片倉の目は、さくらをじっと見据えて離さない。
「つらいなら、類を切り捨ててください。あなたに、そんな顔をさせたくない。代わりに、私があなたを守ります」
そっと握られた手に、さくらは動揺したが押し返した。
「片倉さん、これ以上の冗談は、こ、困ります」
「すみません、こんなときに言い出すことではありませんでしたね、申し訳ありません。さくらさんが愛らしくて、つい酔ってしまったようです。ええと、松原かれんの写真の件ですが、コラージュの可能性が高いと思われます」
「コラージュ?」
「はい。ルイの特徴を、幼い男の子の顔写真に落とし込んだ巧妙ないたずらです。彼女がかつて、ルイの取り巻きをしていたことは私も知っていますし、ルイと交渉があったことはおそらく事実でしょう。以前の北澤ルイは、ああいった年上女性が好みでした。彼女の所属事務所にも確認しましたが、松原かれんに子どもはいません」
いない。
子どもは、いない?
「さくらさんに対する脅しです。少し調べればすぐに分かってしまうことを、わざわざ知らせてくるあたり、ルイとの過去……身体の関係を、強調したかっただけかと。ただ、堕胎経験は数回あるようなので、もしかしたらルイや男性全般を恨んでいる、という可能性はありますが」
「いま……、あの人に、子どもは、いない……んですね」
じわじわと、心身の隅々にまで安堵が広がってゆく。
「悪質な嫌がらせです。

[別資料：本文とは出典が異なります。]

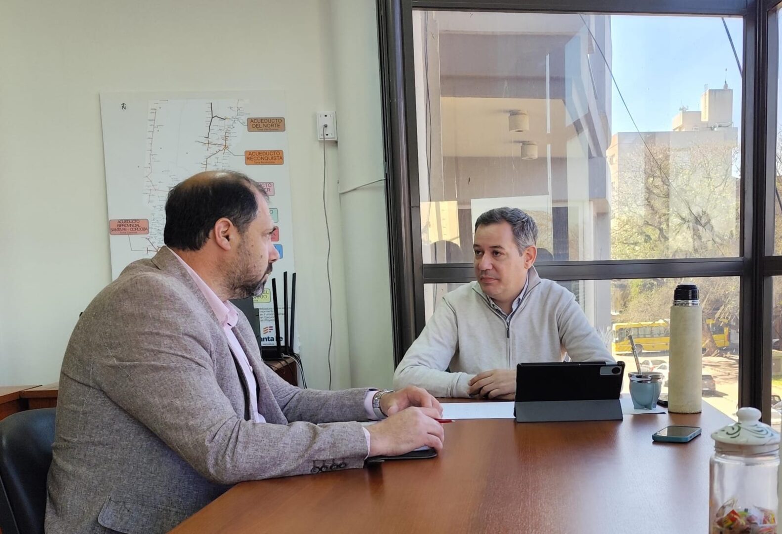 En sede de la Secretaría de Agua y Saneamiento del Ministerio de Obras Públicas, Barbero se reunió con Leonel Marmiroli al efecto de repasar los avances y próximas acciones en la obra de desagües cloacales, que se ejecuta con financiamiento del Estado provincial y que, si bien cuenta con un importante grado de avance, ha padecido diversos inconvenientes que han obligado a modificar su planificación y a extender, en reiteradas ocasiones, los plazos pautados.
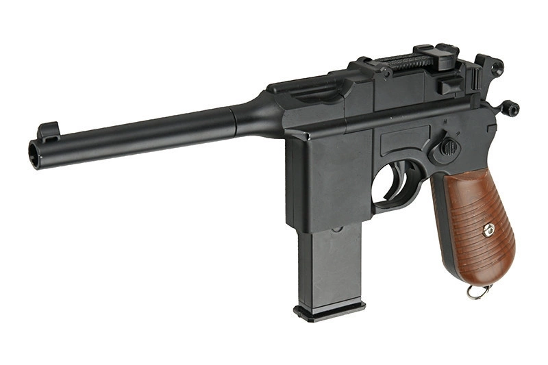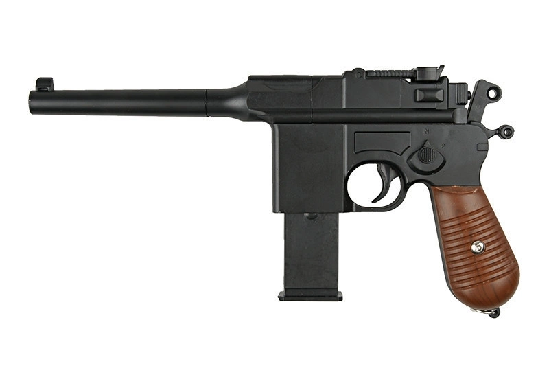 Znakomita replika pistoletu Mauser C96 - Projekt pistoletu Mauser C96 został opracowany w 1893 roku przez pracowników fabryki Mausera. Pistolet jest uznawany za pierwszy udany typ pistoletu samopowtarzalnego. Mauser C96 był komercyjnie dostępny w wielu krajach świata i używany był w wielu armiach. Był to ulubiony pistolet Winstona Churchilla.

さくらさんを、類から引き離すための、捨て身作戦。写真はいたずらだと分かっても、あなたたちの間には動揺が走り、不審が募ります。卑怯な作戦です」
「お願いです。今回のこと、類くんには言わないでください。私は、類くんを信じています。あの女性……松原かれんさんも、かわいそうな人です。そっとしておいてあげてください」
「あなたは強いですね。分かりました。類には、報告しません。ただ、さくらさんの身が心配です。この件、まだ終わりではありません。あなたが襲われる可能性があります。ボディガードをつけましょうか」
「だいじょうぶです、いりません。なるべくひとりにならないよう、行動します。夜道は歩かないようにします」
「ふうむ。人をつけるとなると、ルイにも詳しい事情を話す必要がありますし、私が根回ししましょう。いいですか、無用の外出は避けてください。あやしい場所、暗い場所へは近づかないでください。知らない人からの呼び出しには、対応しないでください。私も近々、京都へ行ってさくらさんの安全を確認します」
「はい」
「無理をしないように。あなたの笑顔が見たい。ルイさえいなかったら、私はあなたを……いいえ、もうやめておきましょう。さくらさんを困らせるだけですね。我々は、ルイ……類を守る同志です」
類を守る同志。
そのことばは、さくらの心のドアを強くノックした。
「どうか、酔っぱらいのおじさんの妄言は、忘れてくださいね」
おやすみなさい、そう告げた片倉はさくらの部屋を出て行った。